Thank you for reporting!
This image will be automatically disabled when it gets reported by several people.



Every woman's best friend
Published in Al-Ahram Weekly on 21 - 03 - 2002


photos: Randa Shaath
Reda Ali:
Every woman's best friend
The trick to well-being and longevity is to treat your body like a bank
Profile by Yasmine El-Rashidi
Most women believe they are a three-letter word. An adjective -- a describing word. It's not that part that they mind. What bothers them, is that they cannot seem to turn themselves into the four-letter word of their dreams. They cannot, in short, transform themselves from fat, to thin.
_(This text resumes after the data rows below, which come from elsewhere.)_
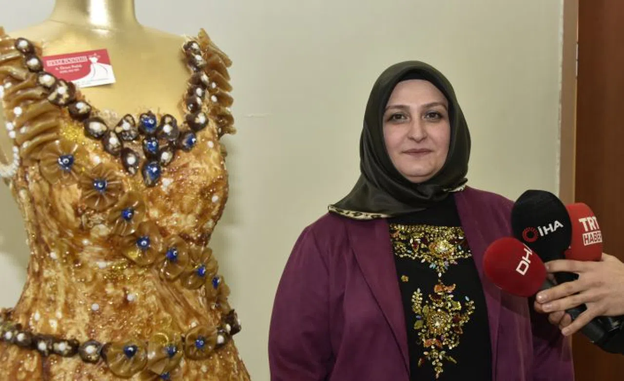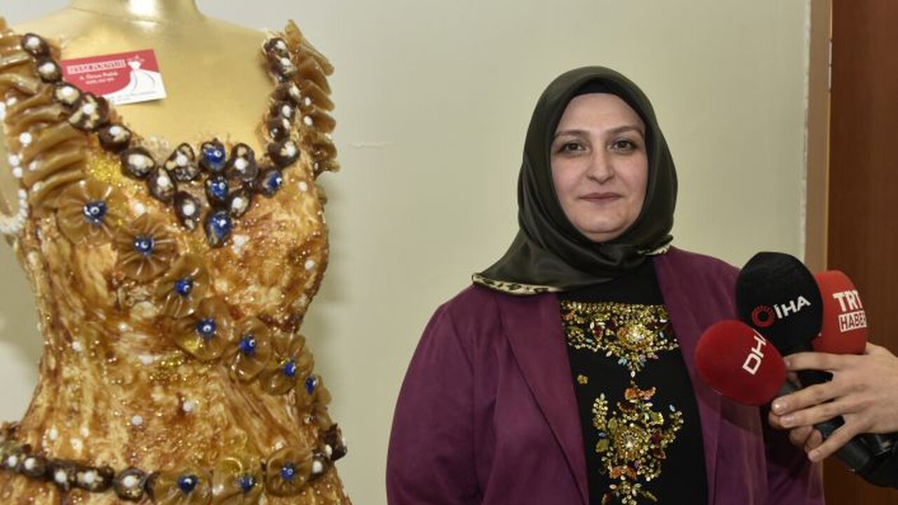 Gümüşhaneli tasarımcı ve iş insanı Ayşegül Öznur Parlak’ın tasarlayıp şehrin coğrafi işaretli ürünleri pestil ve kömeden yaptığı gelinlik büyük ilgi görüyor.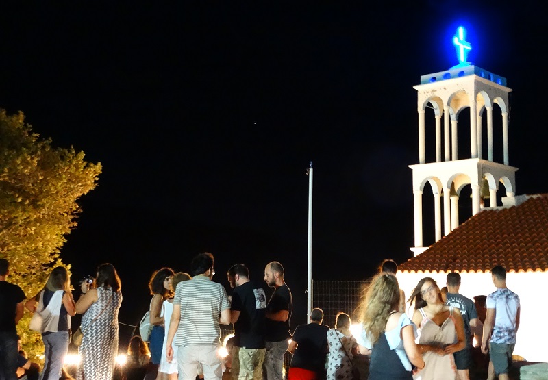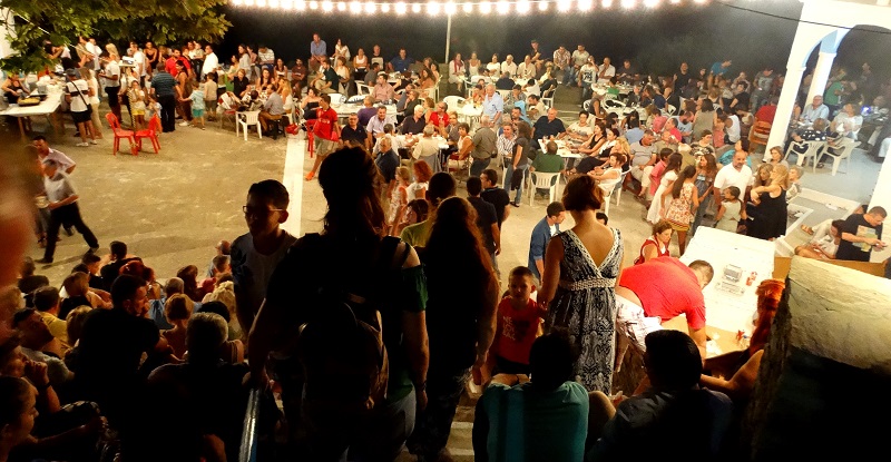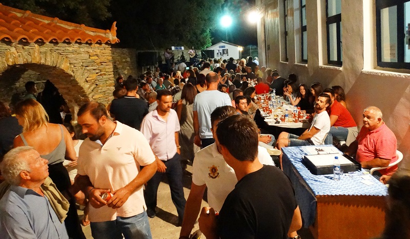 Εκεί στα προαύλια της εκκλησιάς και του παλιού σχολείου μαζεύονται όλοι. Να γιορτάσουν μια από τις πιο μεγάλες γιορτές του καλοκαιριού και το μεγαλύτερο πανηγύρι της Άνδρου. Μόνο τα παρκαρισμένα αυτοκίνητα ξεκίναγαν από την μια άκρη του χωριού, την πλατεία, όπου και το πανηγύρι, μέχρι την είσοδο του, από τον κεντρικό επαρχιακό δρόμο, που πάει στ’ Αποίκια και στην Χώρα: ένα χιλιόμετρο απόσταση!!! Και φυσικά κανείς δεν μέτρησε μηχανές και μηχανάκια με τα οποία έφτσαν πολλοί νεαροί...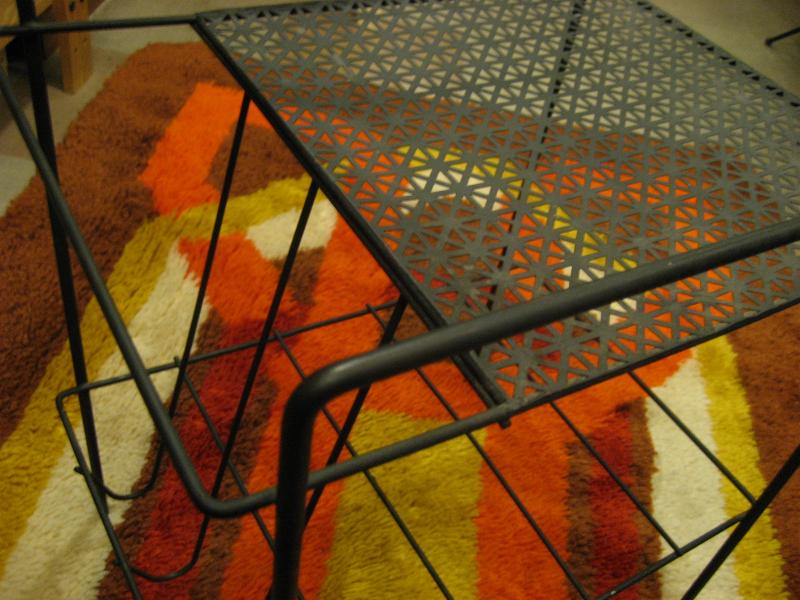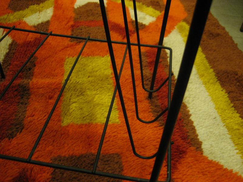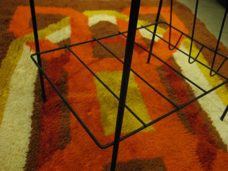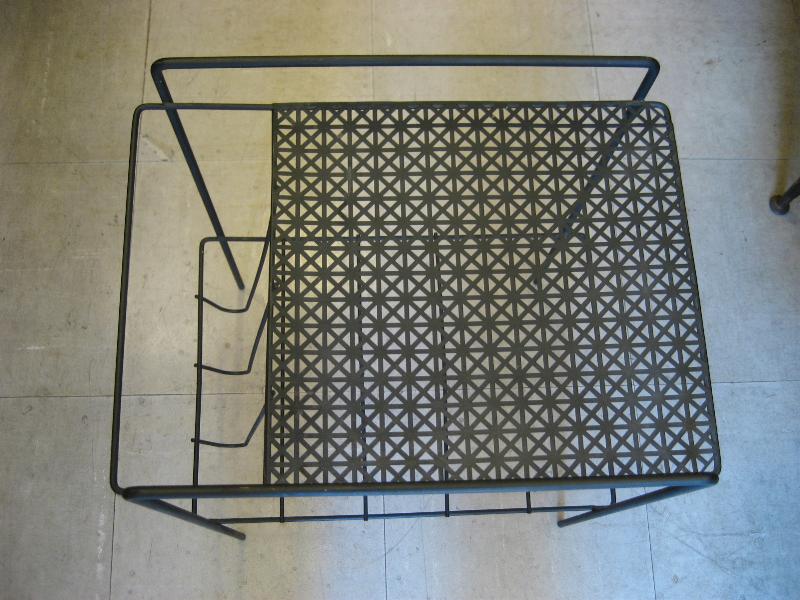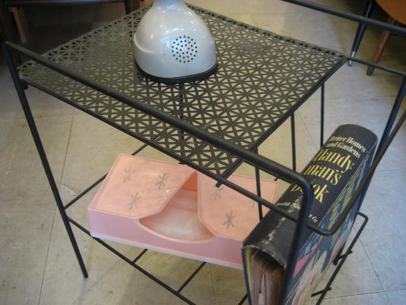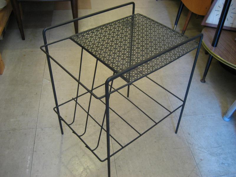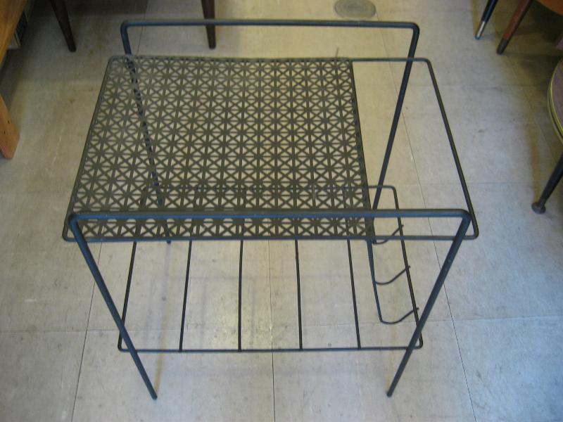 | ビンテージアトミックアイアンシェルフ / 50年代 USA. マガジンラックの付いたブラックアイアンメイドのビンテージシェルフ。アイアンフレームにトップはメッシュシェルフ。アンダーはワイヤーシェルフで、マガジンストックあり。ソファサイドやウォールサイド、お部屋のコーナーなどさまざまな用途に。。。幅広いディスプレイが楽しめるクールでGOODなビンテージフロアピース! |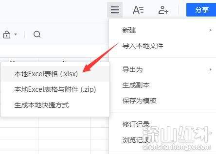 3、在下方给出的选项菜单中选择"导出为"中的"本地Excel表格(.xlsx)"。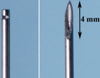 Figure 1. Unlike a needle (right), the 25-g aspiration cutter (left) is blunt at its end and sides. |
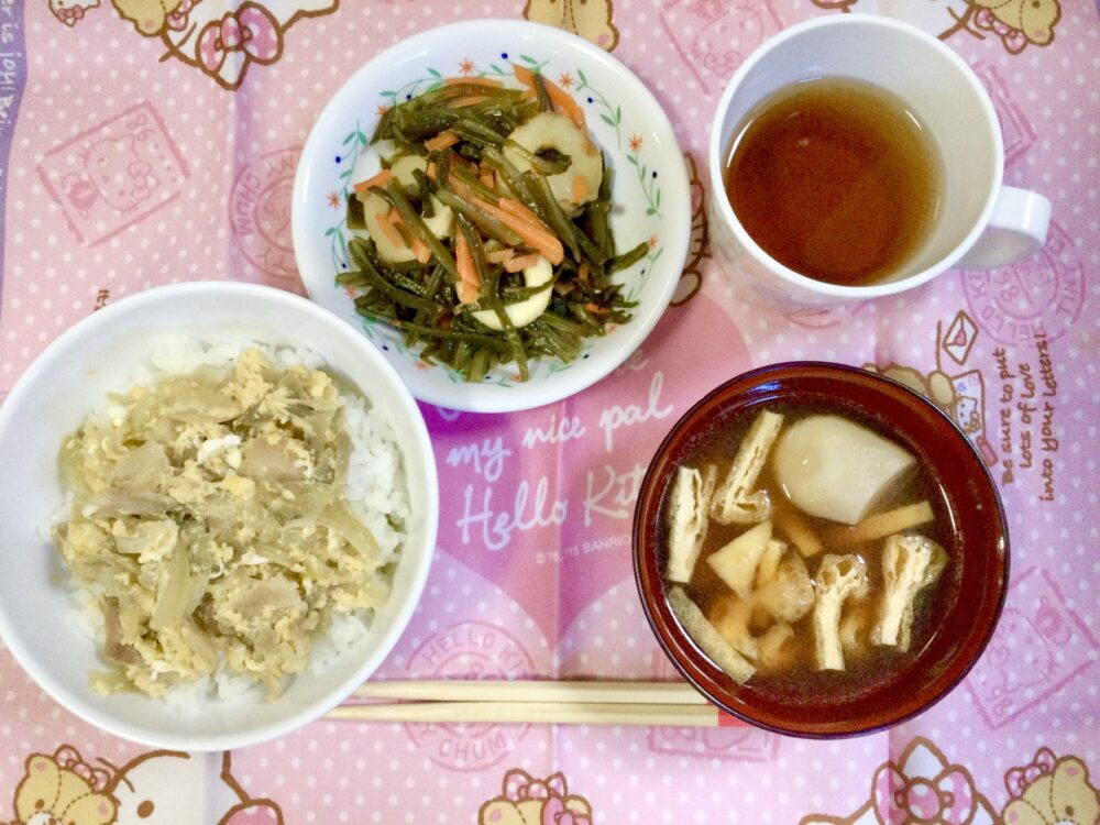 12月1日のきゅうしょく Posted 2025年12月1日 by 松本中央幼稚園 ・ごぼうの卵とじ丼 ・麦茶 ・里芋と油揚げの味噌汁 ・茎ワカメの炒め煮 ↑↑↑年中さんの盛り付け例です😊 年少さんは🥄スプーンを使用しました🥄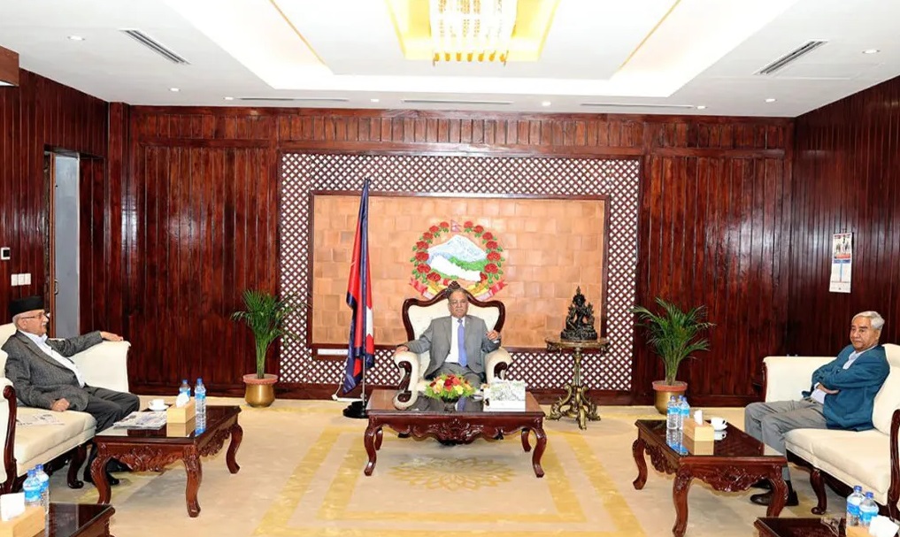 बालुवाटारमा प्रचण्ड, देउवा र ओलीबीच भेट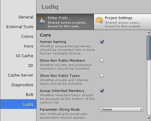 You can also open these panels directly from Tools > [Ludiq / Bolt] > [Editor Preferences / Project Settings]…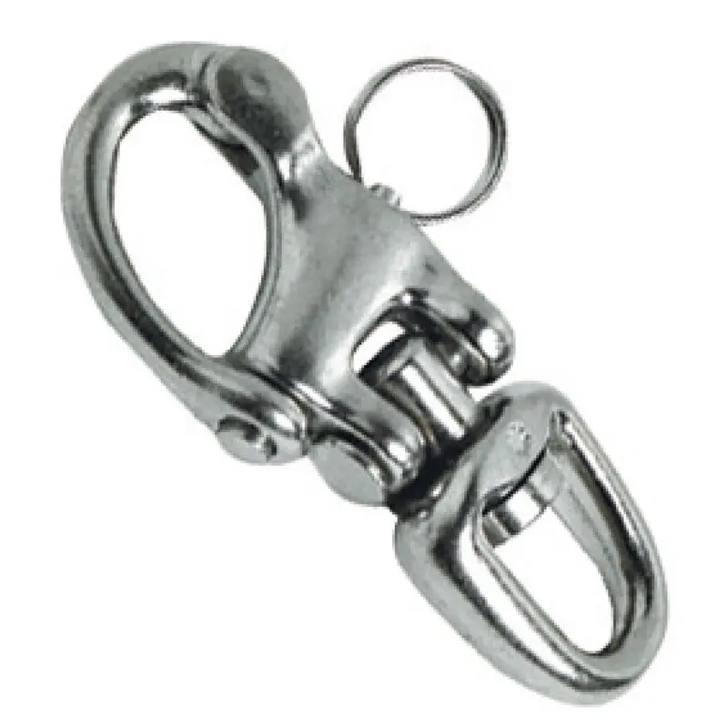 Durable double-joint snap-shackles for spinnaker and halyards, made from stainless steel.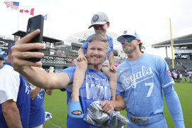 Kansas City Royals' Jac Caglianone, left, poses for a photo with Jaxson Kress, right, during fan appreciation day prior to a baseball game against the Toronto Blue Jays, Saturday Sept. 20, 2025, in Kansas City, Mo. (AP Photo/Ed Zurga)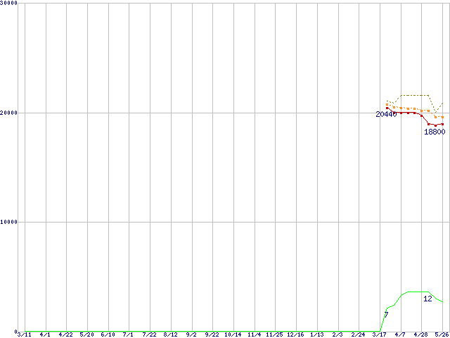 | Turion 64 MT-32 (1.8GHz,512KB)の価格推移 | | | (2005年3月11日~2006年5月26日) |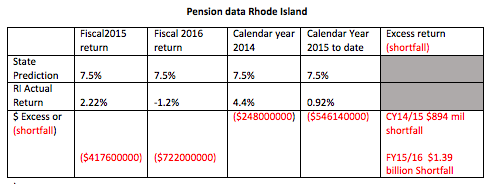 Pension returns in Rhode Island are so poor [over] the last 2 years that a crisis may re-emerge at the state level and require more cuts to retiree benefits. The data below includes returns for the State Pension plan from January 2014 until October 31, 2015. The State of Rhode Island Investment Commission estimates that the pension assets will return 7.5% after fees and compound for 24 years. I’ve shown readers how Jack Bogle and Warren Buffett think that estimate is irresponsible and immoral and should be well below 6% especially for a poorly funded pension plan like Rhode Island. Here’s how the pension plan assets - which includes hundreds of investments, dozens of managers and hedge fund managers, and millions in fees, have performed over the last two years.
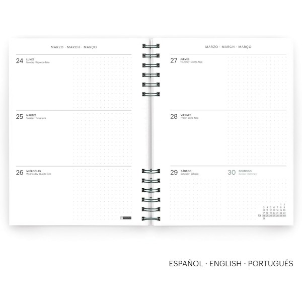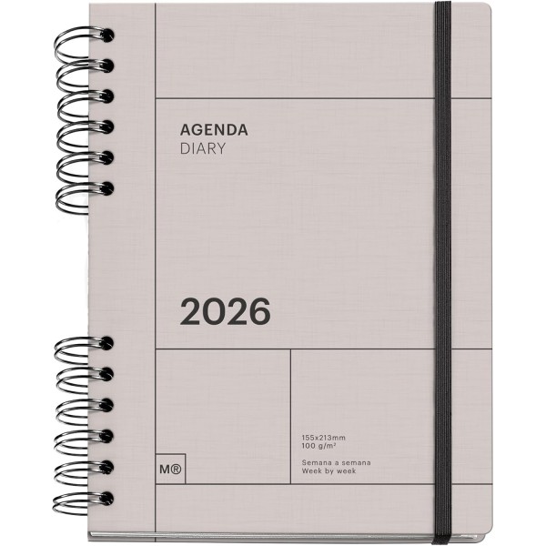 Planifica tu año con una agenda semanal pensada para quienes necesitan visión global, orden y un estilo elegante. Formato semana vista de enero a diciembre 2026, con distribución clara de lunes a domingo. Perfecta para equilibrar trabajo, estudios y vida personal de un solo vistazo. Tapa en tono gris suave con acabado plastificado mate y detalles en negro, aportando un estilo limpio, profesional y adaptable a cualquier entorno. Medidas 160.5 x 218 mm, encuadernación wire-O metálica y cierre elástico que protege tus notas y mantiene la agenda siempre en orden.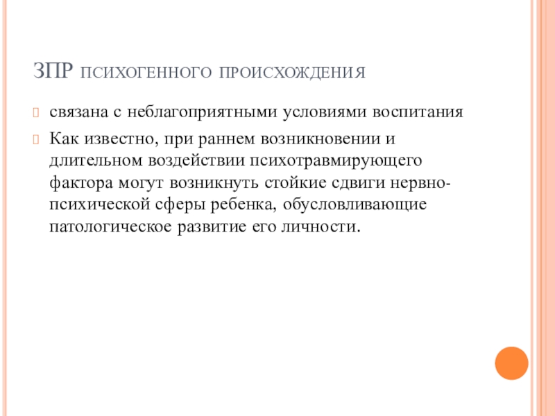 возникновении и длительном воздействии психотравмирующего фактора могут возникнуть стойкие сдвиги нервно-психической сферы ребенка, обусловливающие патологическое развитие его личности.

That's where Reda Ali comes in.
"I was always food conscious," Ali says, sitting in the juice-bar of Giza's Nile-anchored Gold's Gym sipping cappuccino sprinkled with chocolate. "I don't remember ever living a junky life in terms of eating. Never."
That should not be surprising to anyone who knows his family remotely well. His mother, in a sense, was odd by the standards of social norms.
"She used to give us our pocket-money and tell us to go to the store," Ali says, smiling, almost unintentionally, through his glimmering dark eyes. "Instead of telling us to go off and buy candy and chocolate like all the other kids were doing," he continues, "she would tell us to buy a cucumber and a tomato!" He laughs in fond recollection of her unique child--rearing ways. "She was ahead of her time in that sense."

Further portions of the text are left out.